The records |
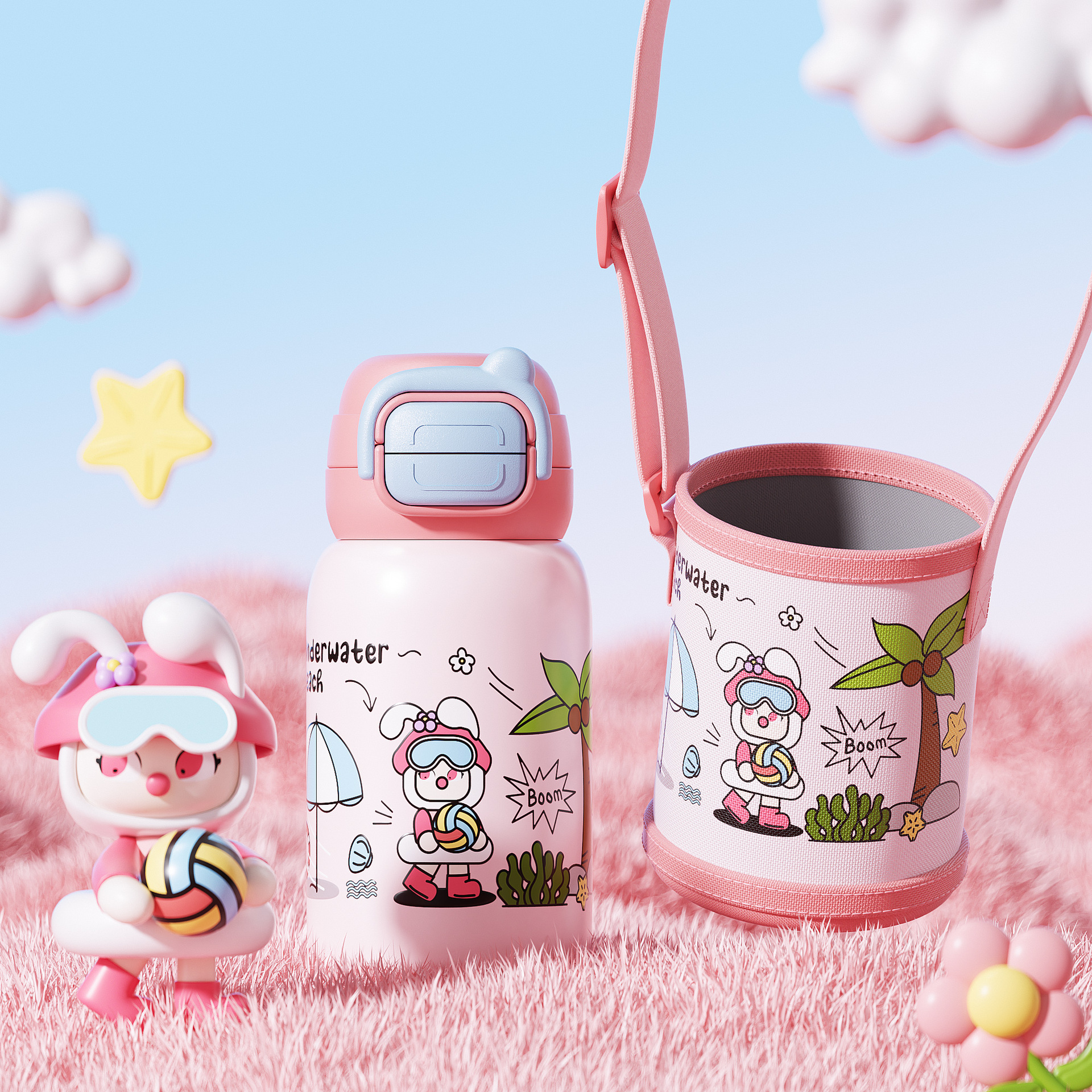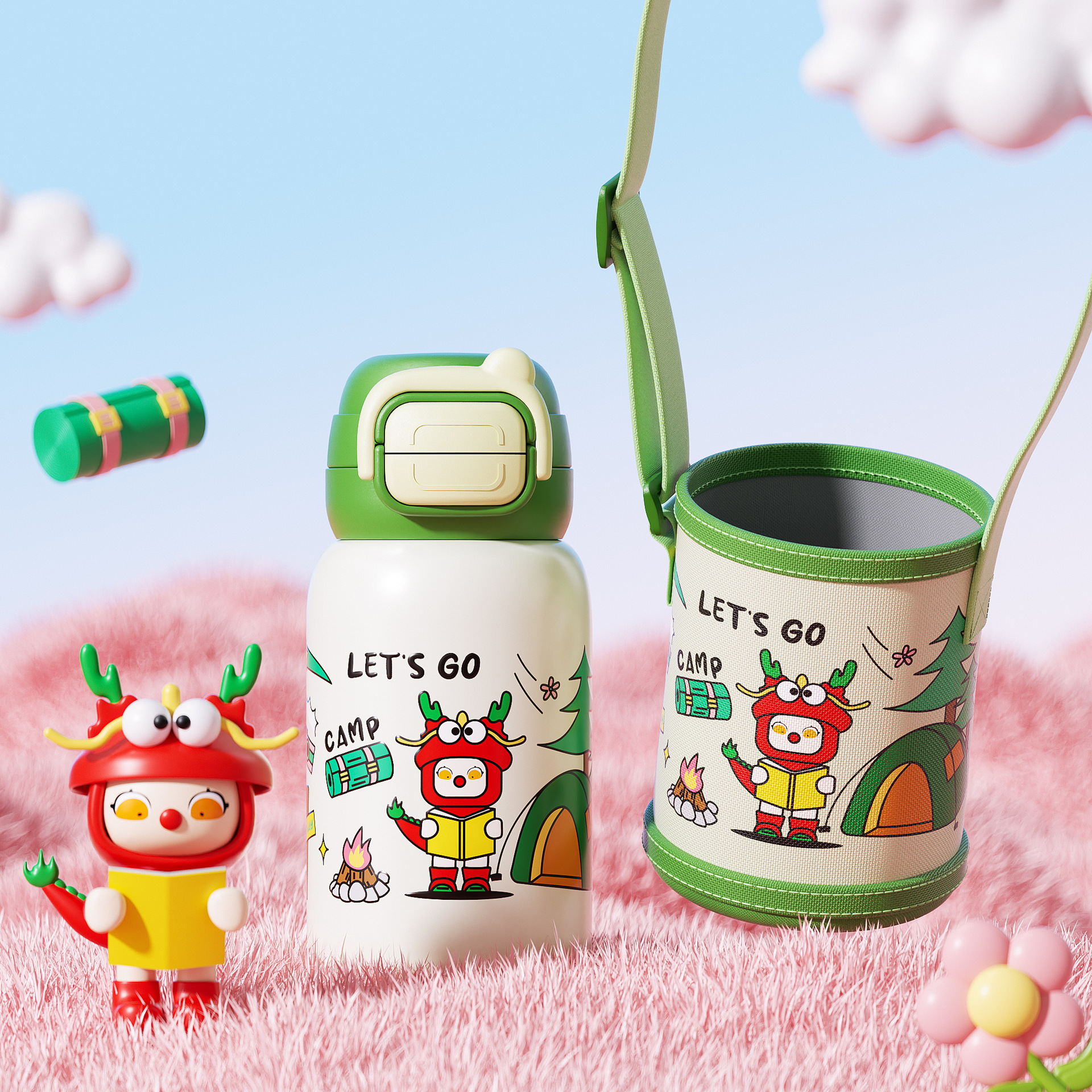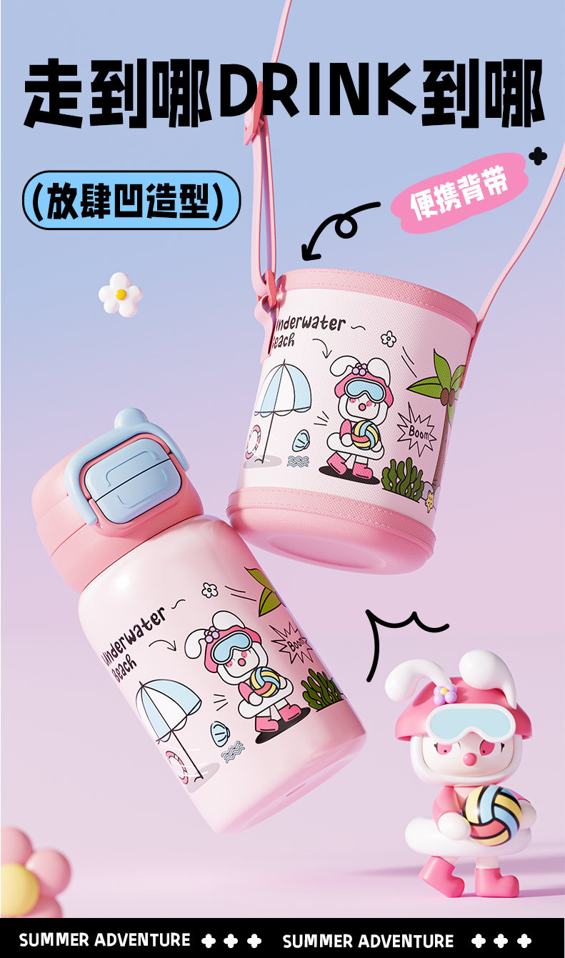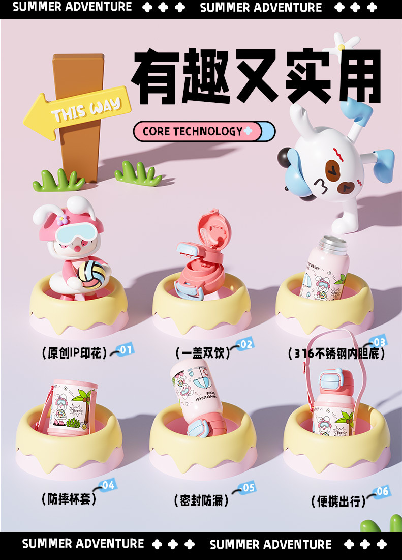 지능형 온도 측정 316 스테인레스 스틸 더블 음료 어린이 보온병 만화 높은 색상 가치 보온병 학생 밀짚 컵스토어 가기
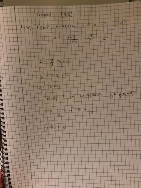 Du har gjort rätt, då f'(3)=k[tangent]. Dock var det onödigt att få fram hela tangent-ekvationens värde, räckte med att veta k-värdet ifall de inte nämner annat i uppgiftsinstruktionen.
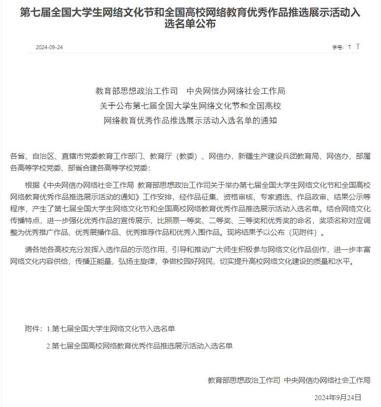 据悉,第七届“全国大学生网络文化节” 和“全国高校网络教育优秀作品推选展示活动”自2023年9月开展以来,通过省级教育工作部门推荐、教育部直属高校及部省合建高校推荐、个人(团队)自荐三种渠道,共征集到来自32个省(区、市)和新疆生产建设兵团的1621件作品。作为全国高校网络思政领域最高级别竞赛之一,本届网络文化作品评选以习近平新时代中国特色社会主义思想为指导,围绕“奋进新征程,建功新时代”主旋律,突出爱党爱国爱社会主义引领,推动广大师生积极参与网络文化作品创作生产,扩大高校网络文化影响力,不断强化守正创新,增强新时代高校思想政治工作的吸引力和实效性。
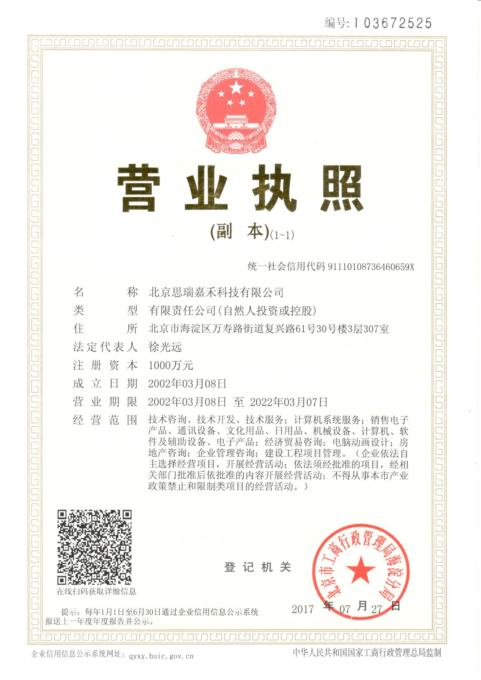 北京思瑞嘉禾科技有限公司成立于2003年。是一家集弱电、计算机系统集成、软件开发、IT外包于一体的高新科技企业。公司长期立足于电力及政府行业,为行业客户提供专业的建筑智能化系统(信息机房建设、综合布线系统、楼宇广播系统、程控交换机系统、安保监控系统、门禁一卡通、机房环境监控系统)和计算机信息系统(计算机系统、网络系统、安全、服务器)等方面的解决方案。公司是信息产业部认定的计算机信息系统集成三级资质企业,信息技术服务运行维护标准三级企业,信息化建设及服务评价三级企业,拥有经验丰富CCIE高级网络工程师,CCNP/CCNA网络工程师、强电工程师、弱电工程师、布线工程师、计算机ITSS运维工程师等,公司核心层都具有长期从事电力、政府相关行业系统集成背景。
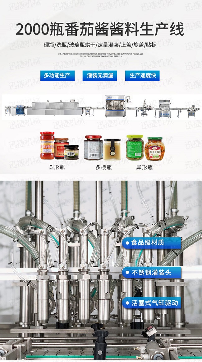 功能齊全,能夠針對不同的產品進行有區(qū)別灌裝的番茄醬灌裝機備316L不銹鋼精制防滴漏灌裝頭,專為番茄醬的灌裝去設計的,通過性好,內外精拋,促進醬料工業(yè)的進步,而醬料工業(yè)的發(fā)展又來作用于番茄醬灌裝機的更新?lián)Q代技術進步,雄厚的經濟技術實力助力與企業(yè)在市場中不斷的升溫不斷進行技術的融合讓番茄醬灌裝機設備在外觀、材質上有著更加美觀的特點,在這個科技發(fā)展的年代,您還有什么理由不去選擇使用番茄醬灌裝機來保護自己的產品呢?
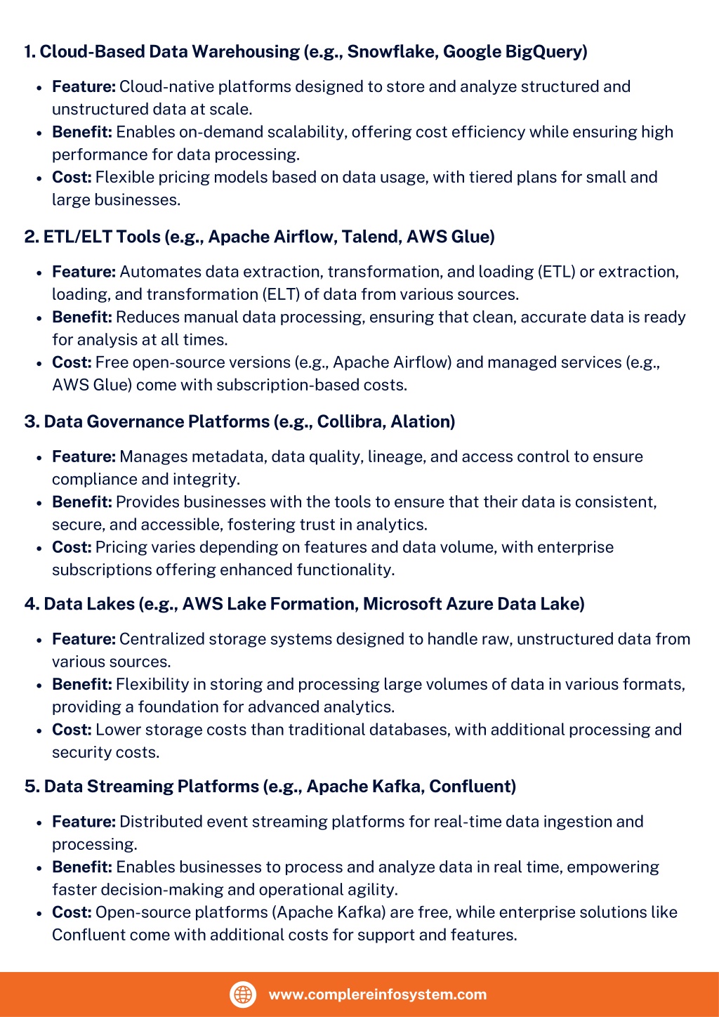 1. Cloud-Based Data Warehousing (e.g., Snowflake, Google BigQuery) Feature: Cloud-native platforms designed to store and analyze structured and unstructured data at scale. Benefit: Enables on-demand scalability, offering cost efficiency while ensuring high performance for data processing. Cost: Flexible pricing models based on data usage, with tiered plans for small and large businesses. 2. ETL/ELT Tools (e.g., Apache Airflow, Talend, AWS Glue) Feature: Automates data extraction, transformation, and loading (ETL) or extraction, loading, and transformation (ELT) of data from various sources. Benefit: Reduces manual data processing, ensuring that clean, accurate data is ready for analysis at all times. Cost: Free open-source versions (e.g., Apache Airflow) and managed services (e.g., AWS Glue) come with subscription-based costs. 3. Data Governance Platforms (e.g., Collibra, Alation) Feature: Manages metadata, data quality, lineage, and access control to ensure compliance and integrity. Benefit: Provides businesses with the tools to ensure that their data is consistent, secure, and accessible, fostering trust in analytics. Cost: Pricing varies depending on features and data volume, with enterprise subscriptions offering enhanced functionality. 4. Data Lakes (e.g., AWS Lake Formation, Microsoft Azure Data Lake) Feature: Centralized storage systems designed to handle raw, unstructured data from various sources. Benefit: Flexibility in storing and processing large volumes of data in various formats, providing a foundation for advanced analytics. Cost: Lower storage costs than traditional databases, with additional processing and security costs. 5. Data Streaming Platforms (e.g., Apache Kafka, Confluent) Feature: Distributed event streaming platforms for real-time data ingestion and processing. Benefit: Enables businesses to process and analyze data in real time, empowering faster decision-making and operational agility. Cost: Open-source platforms (Apache Kafka) are free, while enterprise solutions like Confluent come with additional costs for support and features. www.complereinfosystem.com
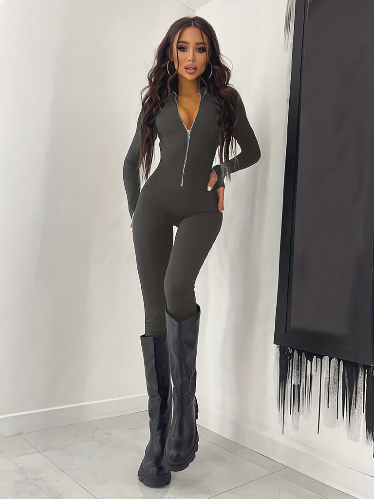 kkboxly Solid Zip Up Long Sleeve Bodycon Nightclub Jumpsuit, Sexy Long Length High Waist Jumpsuit, Women's Clothing
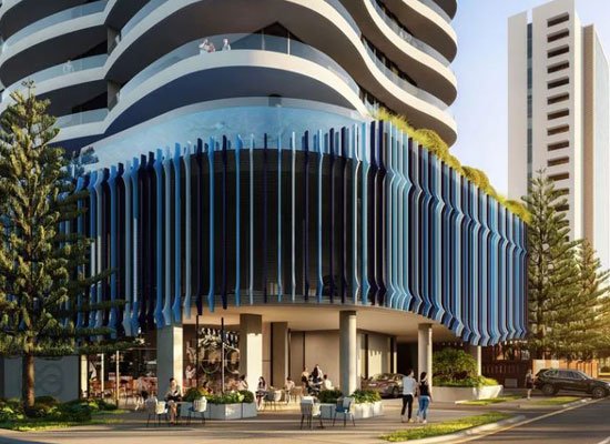 The Infinity Tower is a 40 Floor Tower comprising 60 premium units and retail cafe at ground floor. The residential level balconies are curved to generate the tower form that has been derived from symbol of ‘Infinity’. The podium levels have a significantly complex facade comprising layers of horizontal and vertical louvers.
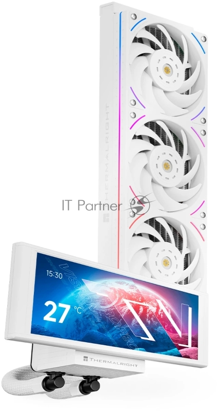 Водяное охлаждение для процессора Thermalright Trofeo Vision 360 (360mm, LED, White, ARGB/ Fans: 3x120mm, 69CFM, 27dBA, 2150RPM/ Pump height 102mm, 6400RPM, Rad thickness 27mm/ S: 1700, 1200, 1851, 115X, 2011, 2066, AM5, AM4)

Problem statement |
Leave out the pictures, then repeat the listing above exactly from its first line to the line with "功能齊全,能夠針對不同的產品", inclusive.

Task solution |
 지능형 온도 측정 316 스테인레스 스틸 더블 음료 어린이 보온병 만화 높은 색상 가치 보온병 학생 밀짚 컵스토어 가기
 Du har gjort rätt, då f'(3)=k[tangent]. Dock var det onödigt att få fram hela tangent-ekvationens värde, räckte med att veta k-värdet ifall de inte nämner annat i uppgiftsinstruktionen.
 据悉,第七届“全国大学生网络文化节” 和“全国高校网络教育优秀作品推选展示活动”自2023年9月开展以来,通过省级教育工作部门推荐、教育部直属高校及部省合建高校推荐、个人(团队)自荐三种渠道,共征集到来自32个省(区、市)和新疆生产建设兵团的1621件作品。作为全国高校网络思政领域最高级别竞赛之一,本届网络文化作品评选以习近平新时代中国特色社会主义思想为指导,围绕“奋进新征程,建功新时代”主旋律,突出爱党爱国爱社会主义引领,推动广大师生积极参与网络文化作品创作生产,扩大高校网络文化影响力,不断强化守正创新,增强新时代高校思想政治工作的吸引力和实效性。
 北京思瑞嘉禾科技有限公司成立于2003年。是一家集弱电、计算机系统集成、软件开发、IT外包于一体的高新科技企业。公司长期立足于电力及政府行业,为行业客户提供专业的建筑智能化系统(信息机房建设、综合布线系统、楼宇广播系统、程控交换机系统、安保监控系统、门禁一卡通、机房环境监控系统)和计算机信息系统(计算机系统、网络系统、安全、服务器)等方面的解决方案。公司是信息产业部认定的计算机信息系统集成三级资质企业,信息技术服务运行维护标准三级企业,信息化建设及服务评价三级企业,拥有经验丰富CCIE高级网络工程师,CCNP/CCNA网络工程师、强电工程师、弱电工程师、布线工程师、计算机ITSS运维工程师等,公司核心层都具有长期从事电力、政府相关行业系统集成背景。
 功能齊全,能夠針對不同的產品進行有區(qū)別灌裝的番茄醬灌裝機備316L不銹鋼精制防滴漏灌裝頭,專為番茄醬的灌裝去設計的,通過性好,內外精拋,促進醬料工業(yè)的進步,而醬料工業(yè)的發(fā)展又來作用于番茄醬灌裝機的更新?lián)Q代技術進步,雄厚的經濟技術實力助力與企業(yè)在市場中不斷的升溫不斷進行技術的融合讓番茄醬灌裝機設備在外觀、材質上有著更加美觀的特點,在這個科技發(fā)展的年代,您還有什么理由不去選擇使用番茄醬灌裝機來保護自己的產品呢?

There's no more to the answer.